Once the loiterer was gone Hamilton sat at the porch table staring blankly ahead. From between the gum trees a tawny creature stuck its head out from behind the smooth-barked trunk. Hesitant in movement, the lion cub crept carefully across the ground, its gaze never leaving Hamilton as it suddenly broke into a run, diving under the house. It returned occasionally to chew the bones left behind by the dogs or play with old Jed. Canny with timing, no-one else was ever around.
One yell, and the animal’s presence would be known. One command and its capture a certainty, Davidson’s death-blow quick. Why were they bothering with the trap? The lion should be shot.

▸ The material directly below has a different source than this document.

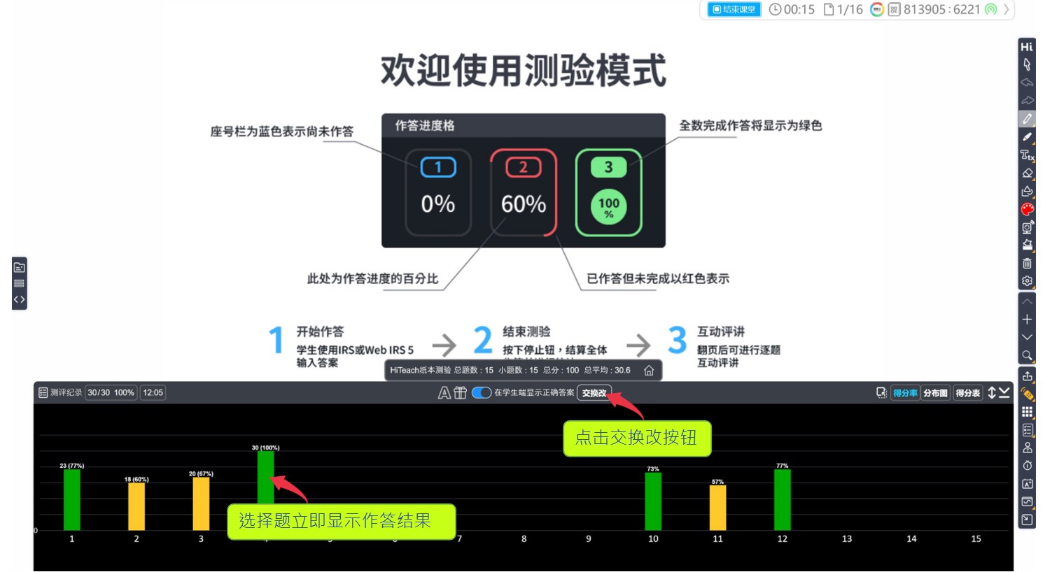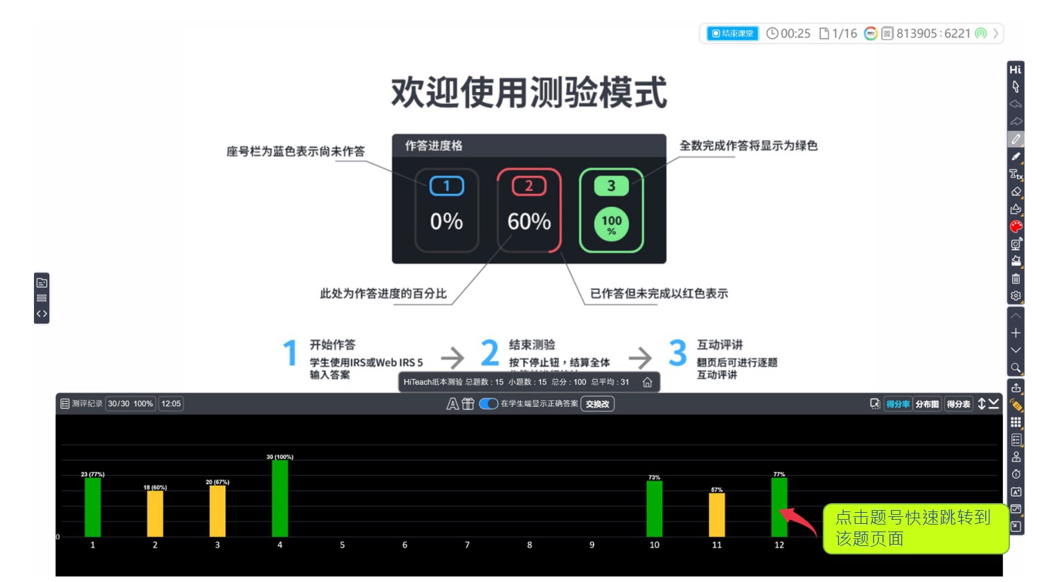 評(píng)量得分統(tǒng)計(jì)會(huì)立即更新統(tǒng)計(jì)結(jié)果,分析圖表、全班試卷得分、與成績(jī)結(jié)算,更重要的是,教師可以根據(jù)分析圖表挑選試題難點(diǎn)和重點(diǎn),進(jìn)一步進(jìn)行互動(dòng)講評(píng)分析,促進(jìn)學(xué)習(xí)效果。例如,老師可根據(jù)答題情況較差的部分進(jìn)行講解說(shuō)明,方法是點(diǎn)選題號(hào),隨即跳到該題號(hào)所在頁(yè)面。

Hamilton didn’t know why he let the creature alone. Perhaps it was simply because the baby lion had not done him any wrong.
Chapter Forty-two
Bed was the only place Edwina wanted to be. However, Aiden was insistent and he carried her out to the verandah, draping a blanket across her knees. Although she’d been sitting up in bed for the last two days, staring listlessly at the outside world, it was still a shock to be transplanted to the verandah with its hard-backed seat and too vivid sky. A myriad pains cascaded through her, ebbed and flowed in an unwelcome tide. Her br
other began brushing her hair. Edwina told him to stop fussing, to leave her alone. This waking from torpor with the milling expectation from Aiden and Constance that she was almost whole again was wrong. Broken was how Edwina best described her condition, and some parts would never repair.

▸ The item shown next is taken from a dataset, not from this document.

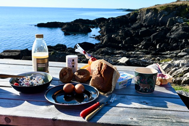 Un p’tit dej de luxe avec une vue imprenable sur l’océan avec en toile de fond le Fasnet ! Seul contre le reste du monde avec ses 54 m de granit érigés sur une minuscule île rocailleuse ce phare est une légende . Si vous le cherchez sur une carte, vous ne trouverez qu’un point entouré de bleu. L’image est marquante car sous les flots se cache un monde hostile. Des récifs abrupts qui ont fait plier bon nombre de navires par le passé. C’est un phare mythique et aussi un symbole de la course au large à la voile avec une course mondiale où les marins passe cette marque de parcours. Pierre a eu la chance de vivre ce moment lors de sa qualification pour la transat Jacques Vabre ! Un chouette clin d’œil pour lui de voir ce souvenir côté terre !

It was enough managing the small tasks of living. The breathing in of tepid air, the ache that sprang from a useless arm and the sickness that harboured in her stomach yet to be teased away. There were thoughts too. A swirl of memories good and bad to mingle with the pain. And the understanding that she nearly died. How was it she’d come to cheat death?
Beside her Jed yawned. ‘Where are all the other dogs?’ she asked.

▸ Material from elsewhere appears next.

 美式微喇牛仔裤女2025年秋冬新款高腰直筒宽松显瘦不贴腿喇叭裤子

‘Tied up.’ Aiden placed a shawl across her shoulders. ‘Father says they are to be kept chained unless they’re taken out on the property. It’s because of the lion cub.’
‘It’s still alive?’ said Edwina.
‘Yes, but we’ll capture it.’ He adjusted the shawl.
It was too much – this bedside bustling – and she told her brother as much.
‘What is the matter with you? Yesterday you slapped the bowl from Constance’s hands.’ Aiden threw the hairbrush into the bedroom. It clattered to the floor.
‘I’ll eat when I’m hungry. I’ll not be forced.’
Aiden frowned. ‘You’ll eat when you’re told.’
Edwina was still smarting from the indecency of the sponge bath the girl gave her. It seemed the hours were filled with Aiden and the aboriginal girl, but not her father; there was no sign of him since she’d woken and Edwina had not asked to see him. ‘I’m tired, Aiden.’
‘Father says you have to get stronger. Twice a day for an hour each you’re to sit out here.’
‘And if I don’t want to?’
Aiden shrugged. ‘Then you can walk back to bed by yourself.’
‘It was Father who shot me?’ Confirmation wasn’t required. The sickbed imagining became reality with consciousness. And people wondered why she was ill at ease.